Ignacio Camacho-ABC

  • La pandemia ha generado un caos estructural, sistémico. El Estado se ha extraviado en el mapa de su propio modelo

Si alguna vez se llegase a hacer sobre la gestión del Covid la auditoría independiente que han reclamado los expertos -los de verdad, los de carne y hueso, no los inexistentes auxiliares en que dice apoyarse el Gobierno- es bastante probable que el modelo administrativo territorial resulte uno de los principales defectos de organización que han favorecido la expansión de la epidemia o al menos han impedido combatirla con acierto. Y no sólo por la dispersión de las competencias sanitarias, sino por la diversidad de leyes y ordenanzas de todo tipo que rigen la vida cotidiana. La sanidad, con todo, ha sido lo que mejor ha funcionado pese a la presión dramática sobre los hospitales y la atención primaria. Gran

parte del problema, sin embargo, se deriva de una descentralización estructural desarrollada más al servicio del poder institucional que de las verdaderas necesidades ciudadanas, y que en vez de racionalizar los servicios públicos ha generado un magma de complejidad burocrática.
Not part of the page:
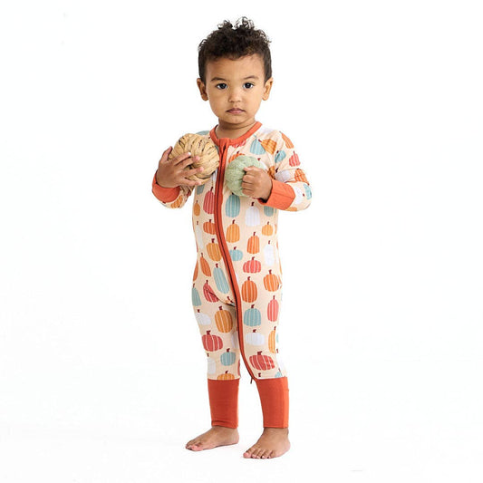 Pumpkin Patch Fall Bamboo Convertible Baby Pajamas Footie: Orange/Multi / 0-3M

Aquel «carajal autonómico» del que habló Borrell en los años noventa ha alcanzado ante la crisis del coronavirus un grado de confusión extrema, aunque tampoco lo simplificó la teórica existencia de un mando único durante el confinamiento de primavera. Desde que decayó el primer estado de alarma, el hipertrofiado laberinto normativo de las comunidades añade multitud de barreras a los obstáculos objetivos que de por sí presenta la necesidad de encontrar respuestas rápidas y eficaces a la situación de emergencia. Ni siquiera ha sido posible arbitrar un método fiable de seguimiento de la enfermedad porque cada autonomía elabora estadísticas por su cuenta, transmite los datos a su ritmo y aplica las medidas a su manera, creando un desbarajuste que ha sido incapaz de corregir o de coordinar un ministerio que lleva décadas hueco y sin atribuciones concretas. Porque lo peor es que el intento de centralización también ha resultado una calamidad y ha terminado por crear una sensación genérica de fracaso de sistema que se manifiesta en este albur de cierres perimetrales y toques de queda.

Un español normal se siente hoy asaltado por el desconcierto, sin saber bien dónde puede o no ir, rodeado de pautas y prohibiciones variables según el territorio y el momento. Las propias autoridades regionales y nacionales debaten entre sí en medio de un monumental enredo que el presidente aprovecha para sus ventajistas manejos. La diversidad competencial se ha convertido en disfunción y, en lugar de provocar un efecto benéfico de adaptación al terreno, ha desembocado en un descalzaperros ante el que nadie sabe a qué atenerse por falta de definición en los criterios. Así, el balance de la pandemia no será sólo el de una economía devastada y una trágica cifra de muertos, sino el de un Estado descompuesto, peligrosamente extraviado ante el mapa de su propio diseño.